WHAT YOU NEED TO DO ▸ In the data below, find the line containing "這一套彩色玻璃風格(Color Glass Style)", then set down that line and every later line up to and including the line containing "S539 Firmware (Click", exactly.

DATA SECTION ▸
◇ ◇ ◇ ◇ ◇

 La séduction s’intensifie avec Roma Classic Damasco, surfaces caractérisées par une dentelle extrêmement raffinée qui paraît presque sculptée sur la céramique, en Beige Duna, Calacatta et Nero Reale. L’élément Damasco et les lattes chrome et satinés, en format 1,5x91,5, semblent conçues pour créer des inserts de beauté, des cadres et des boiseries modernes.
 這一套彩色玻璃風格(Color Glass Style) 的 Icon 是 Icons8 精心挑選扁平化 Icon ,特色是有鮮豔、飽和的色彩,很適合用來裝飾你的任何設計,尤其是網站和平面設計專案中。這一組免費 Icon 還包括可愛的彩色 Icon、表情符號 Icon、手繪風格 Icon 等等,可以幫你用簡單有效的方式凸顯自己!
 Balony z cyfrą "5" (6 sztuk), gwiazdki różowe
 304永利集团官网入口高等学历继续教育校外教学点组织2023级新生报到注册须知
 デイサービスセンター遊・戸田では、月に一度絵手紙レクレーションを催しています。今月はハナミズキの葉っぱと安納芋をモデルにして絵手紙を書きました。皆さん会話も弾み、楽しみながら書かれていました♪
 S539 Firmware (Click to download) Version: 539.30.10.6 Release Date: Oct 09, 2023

◇ ◇ ◇ ◇ ◇

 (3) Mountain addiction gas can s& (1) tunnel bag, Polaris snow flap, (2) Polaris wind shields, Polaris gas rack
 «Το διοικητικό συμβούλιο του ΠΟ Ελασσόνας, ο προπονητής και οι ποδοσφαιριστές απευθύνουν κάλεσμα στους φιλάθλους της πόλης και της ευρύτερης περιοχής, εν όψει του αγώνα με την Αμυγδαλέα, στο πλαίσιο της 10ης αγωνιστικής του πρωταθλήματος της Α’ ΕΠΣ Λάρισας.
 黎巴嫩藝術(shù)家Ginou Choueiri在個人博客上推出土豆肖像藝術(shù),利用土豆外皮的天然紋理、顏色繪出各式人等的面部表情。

◇ ◇ ◇ ◇ ◇

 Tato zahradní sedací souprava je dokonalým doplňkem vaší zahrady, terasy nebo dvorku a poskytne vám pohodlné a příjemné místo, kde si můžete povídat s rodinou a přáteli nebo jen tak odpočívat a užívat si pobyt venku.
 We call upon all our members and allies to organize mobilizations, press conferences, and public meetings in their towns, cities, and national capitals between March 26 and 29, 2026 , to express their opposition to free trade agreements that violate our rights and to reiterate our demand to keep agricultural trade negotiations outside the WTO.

◇ ◇ ◇ ◇ ◇

RESPONSE AREA ▸
 這一套彩色玻璃風格(Color Glass Style) 的 Icon 是 Icons8 精心挑選扁平化 Icon ,特色是有鮮豔、飽和的色彩,很適合用來裝飾你的任何設計,尤其是網站和平面設計專案中。這一組免費 Icon 還包括可愛的彩色 Icon、表情符號 Icon、手繪風格 Icon 等等,可以幫你用簡單有效的方式凸顯自己!
 Balony z cyfrą "5" (6 sztuk), gwiazdki różowe
 304永利集团官网入口高等学历继续教育校外教学点组织2023级新生报到注册须知
 デイサービスセンター遊・戸田では、月に一度絵手紙レクレーションを催しています。今月はハナミズキの葉っぱと安納芋をモデルにして絵手紙を書きました。皆さん会話も弾み、楽しみながら書かれていました♪
 S539 Firmware (Click to download) Version: 539.30.10.6 Release Date: Oct 09, 2023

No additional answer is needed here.